Banks could boost revenues by four percent by embracing digital-first models

If traditional banks adopt new business models used by digital-only players, they will be able to increase their annual revenue by almost four percent, according to the report.

Analysis of the business models of nearly 100 leading traditional banks and more than 200 digital-only players in 11 countries in North America, Europe, Asia-Pacific and Latin America will generate an additional US $ 518 billion by 2025.

Accenture distinguishes two common business models: vertically integrated, traditional business models; And indirect adaptive models in which the bank is “packaged”.

The report said that although many traditional banks have followed the old model, they can make significant progress if they dismantle their traditional products and distribute new personalized products in collaboration with third parties.

In particular, they can increase their annual growth by up to 3.8 percent by placing indirect business models over the traditional vertical integrated model.

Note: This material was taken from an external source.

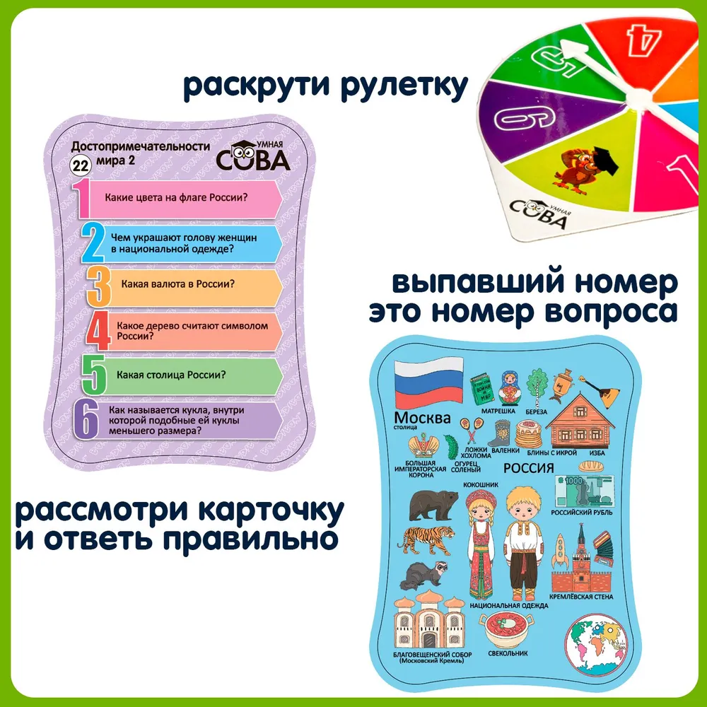 Путешествуйте, не выходя из дома с викториной ДОСТОПРИМЕЧАТЕЛЬНОСТИ МИРА 2 от Bondibon. Настольная игра серии Умная Сова, разработанная на базе авторской методики — отличный способ расширить кругозор. Выберите одну из 32 красочных карточек. Раскрутите рулетку и прочитайте тот вопрос, номер которого выпал. Переверните песочные часы и внимательно изучите изображение. По истечении времени ответьте на вопрос. Заберите карточку себе, если задание выполнено верно. Постепенно переходите к более сложному варианту игры. Побеждает участник, который первым соберет 10 карточек. В процессе игры ребенок познакомится с основными достопримечательностями, флагами, национальными костюмами, традициями разных стран, разовьет скорость мышления, зрительную память, усидчивость, внимательность и наблюдательность. В комплект входят: 32 двусторонние карточки из твердого картона, рулетка, песочные часы. 2 уровня сложности Количество игроков 1-4 Возраст 7+ Соберите всю серию викторин Умная Сова от Бондибон!

According to the report, between 2018 and 2020, digital-only players performed better than traditional banks. However, those who adopted non-linear business models achieved a combined annual growth rate (CRR) of 76%, while those digital players simply copied traditional and vertical integrated models and earned only 44% CAGR.

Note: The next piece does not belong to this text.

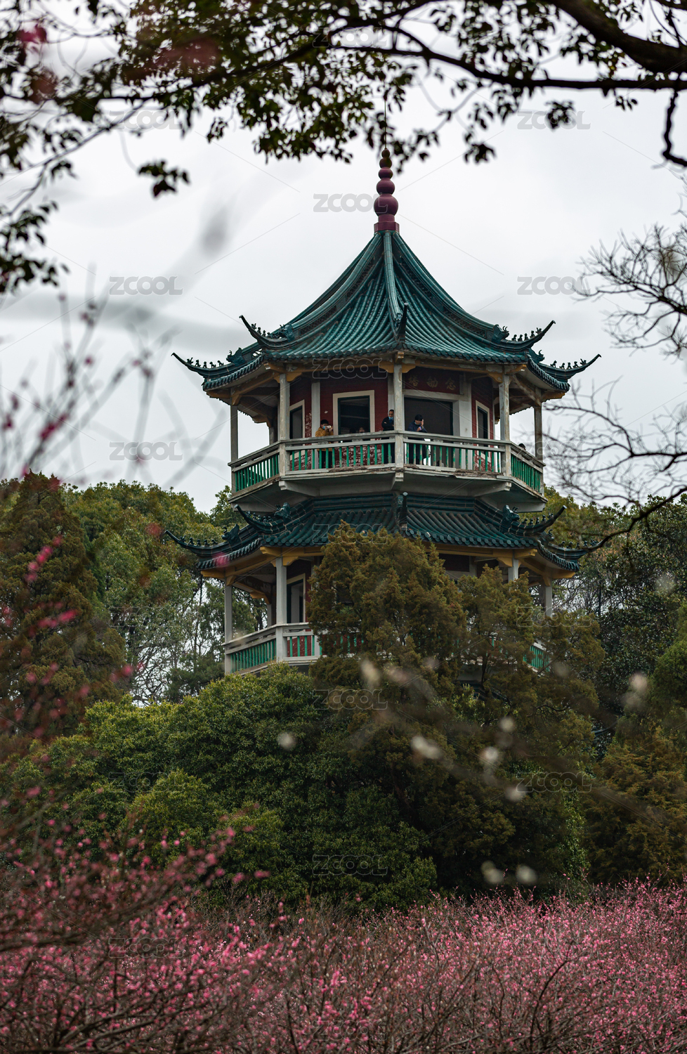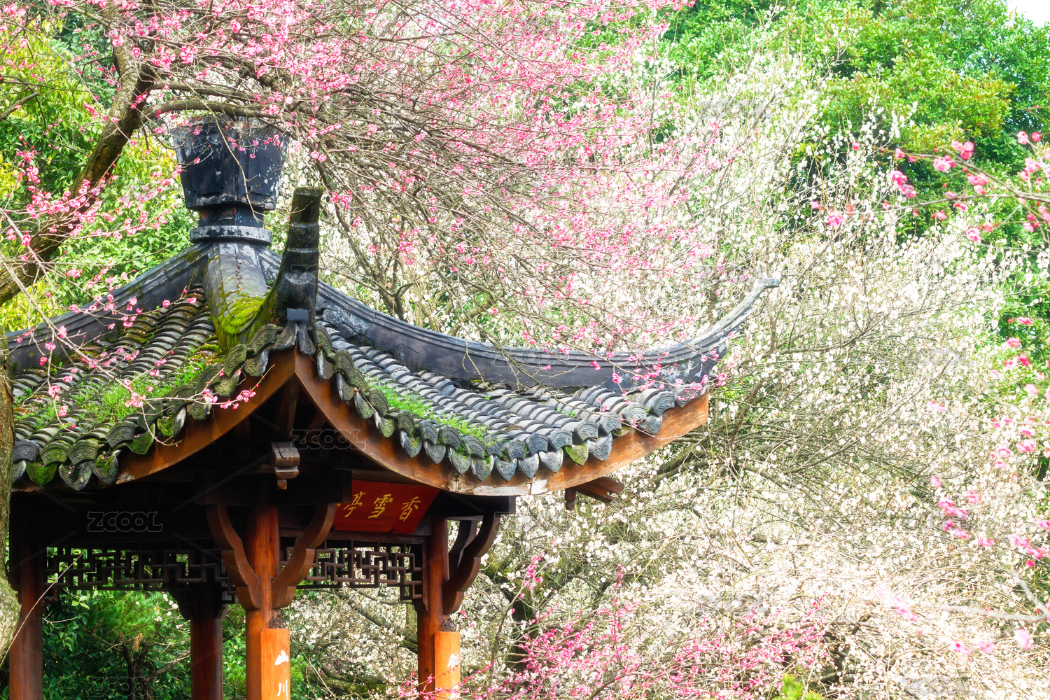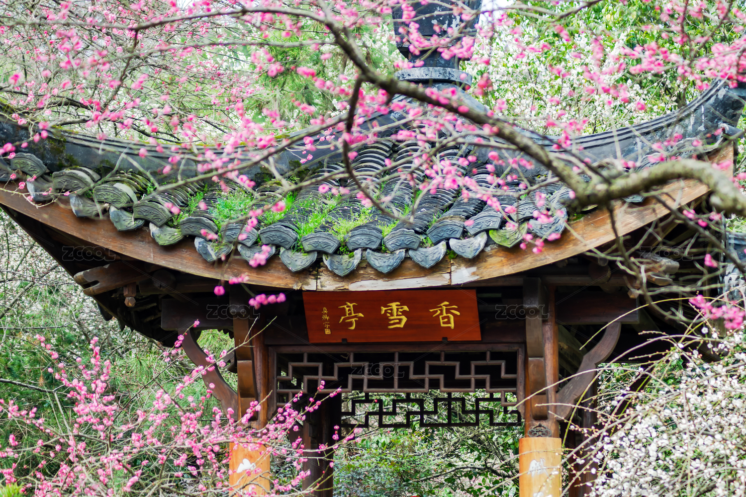 中國浙江杭州植物園靈峰探梅香雪亭與梅花

Accenture recommends a mix of one or four models: banks sell their own products; Building a distribution-driven ecosystem; Selling bank capacity as a service; Or summarize new ideas.

In the UK’s Action Strategy and Advisory Group, MD Dillinsin Bayl said: “Being digital is no longer the difference. He said traditional banks should not only be the best digital versions of their own, but also be able to manage many business models. At once.

“This will require them to change their mindset, taking into account innovative models that put product innovation, embedded distribution, purpose and sustainability at the forefront.”